Reproduce the data exactly as given, except for any images.

"""

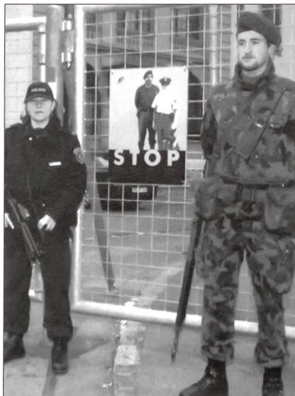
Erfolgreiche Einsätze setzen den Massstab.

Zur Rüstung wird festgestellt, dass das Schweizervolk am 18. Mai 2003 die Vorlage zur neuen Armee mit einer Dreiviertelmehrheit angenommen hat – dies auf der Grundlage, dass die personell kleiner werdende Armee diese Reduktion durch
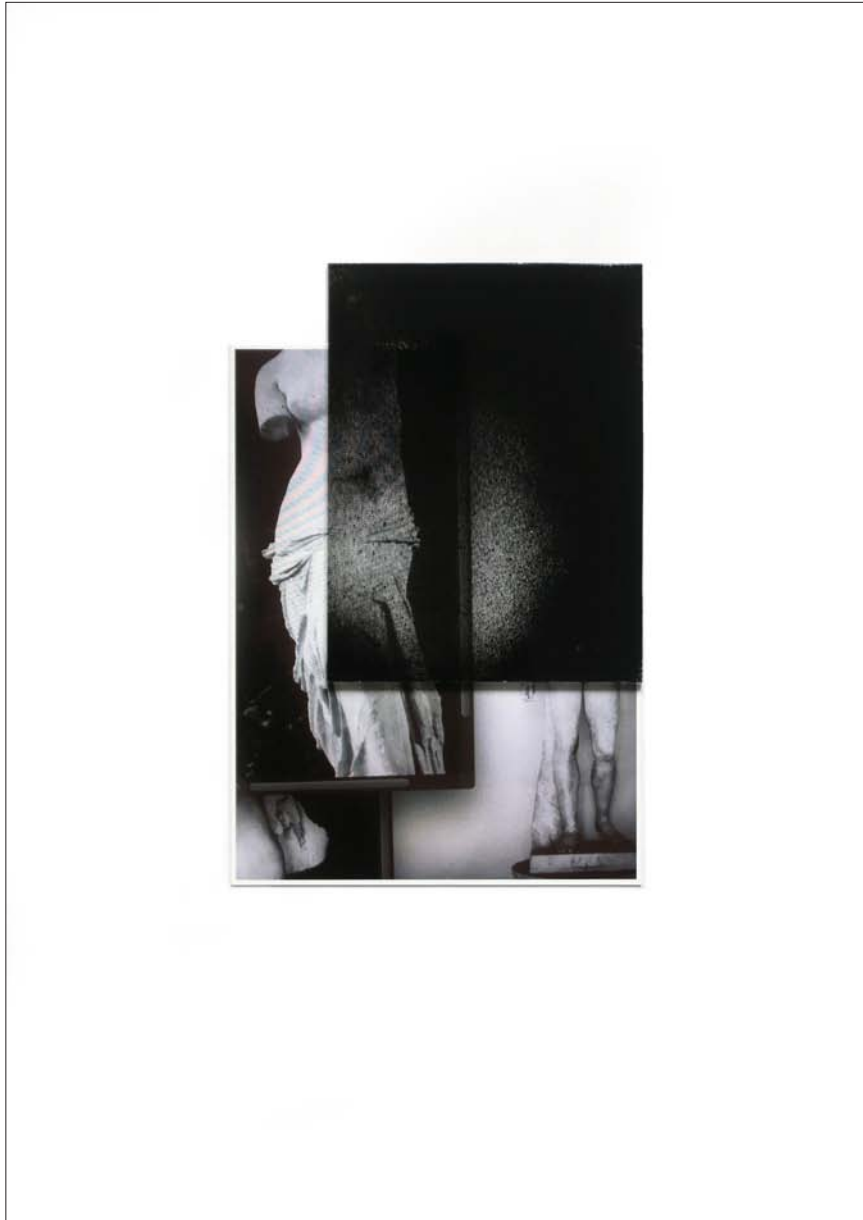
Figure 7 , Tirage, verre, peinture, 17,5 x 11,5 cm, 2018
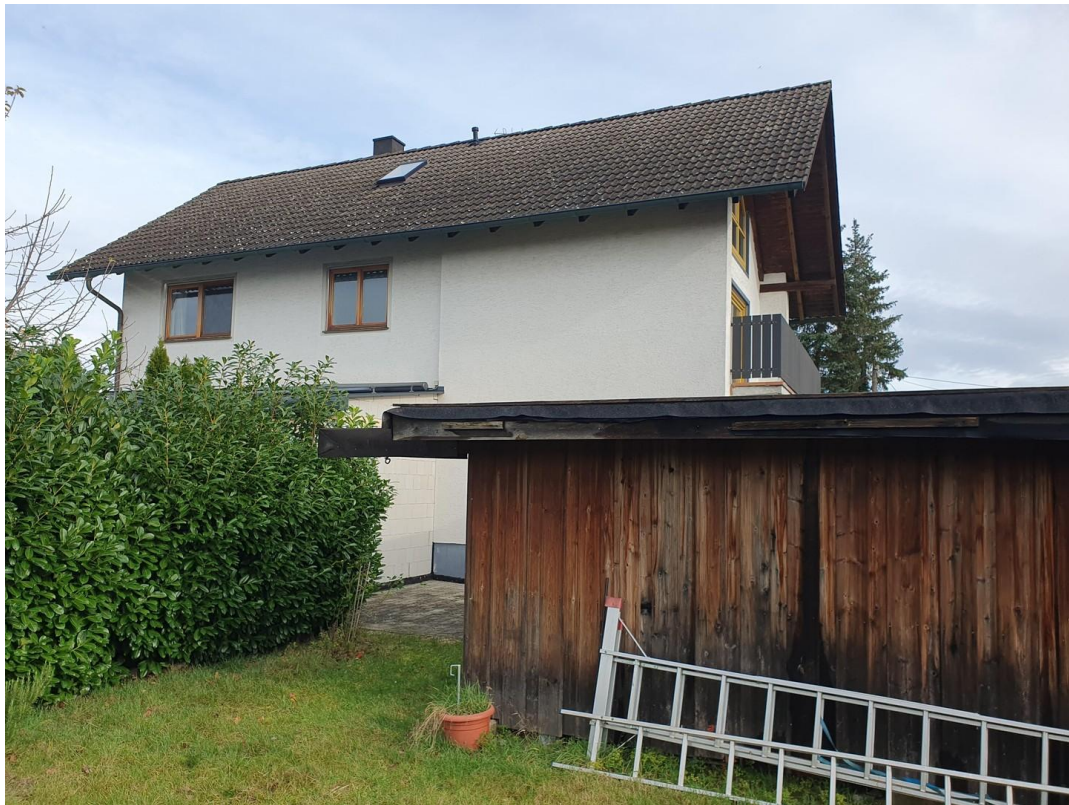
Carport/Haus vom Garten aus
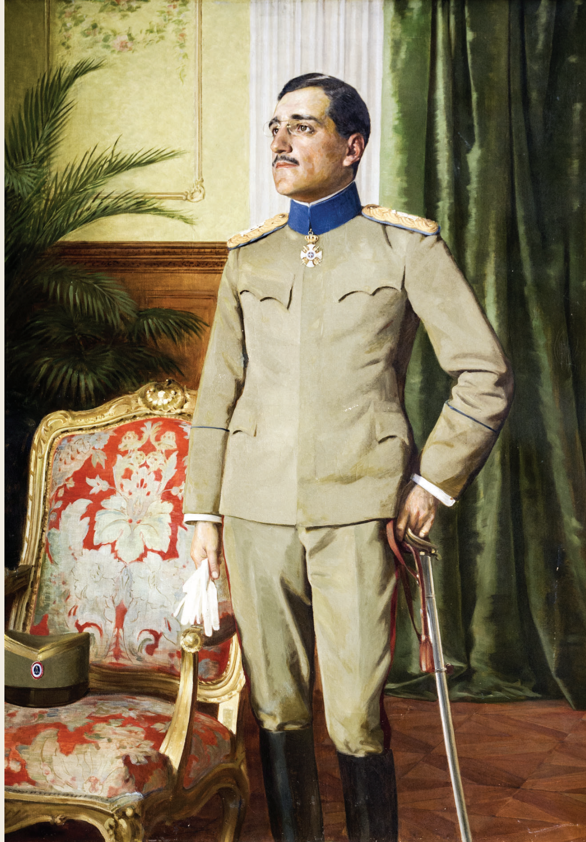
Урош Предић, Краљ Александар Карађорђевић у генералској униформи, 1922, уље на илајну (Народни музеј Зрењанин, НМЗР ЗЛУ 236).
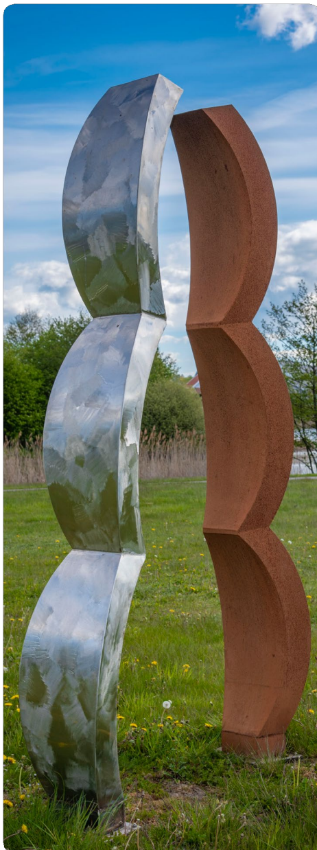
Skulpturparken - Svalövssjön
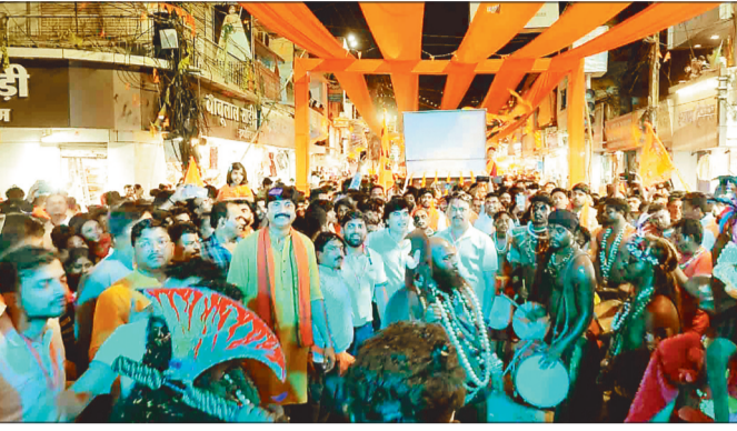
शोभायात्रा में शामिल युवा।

"""

§ **Response**
Erfolgreiche Einsätze setzen den Massstab.

Zur Rüstung wird festgestellt, dass das Schweizervolk am 18. Mai 2003 die Vorlage zur neuen Armee mit einer Dreiviertelmehrheit angenommen hat – dies auf der Grundlage, dass die personell kleiner werdende Armee diese Reduktion durch
Figure 7 , Tirage, verre, peinture, 17,5 x 11,5 cm, 2018
Carport/Haus vom Garten aus
Урош Предић, Краљ Александар Карађорђевић у генералској униформи, 1922, уље на илајну (Народни музеј Зрењанин, НМЗР ЗЛУ 236).
Skulpturparken - Svalövssjön
शोभायात्रा में शामिल युवा।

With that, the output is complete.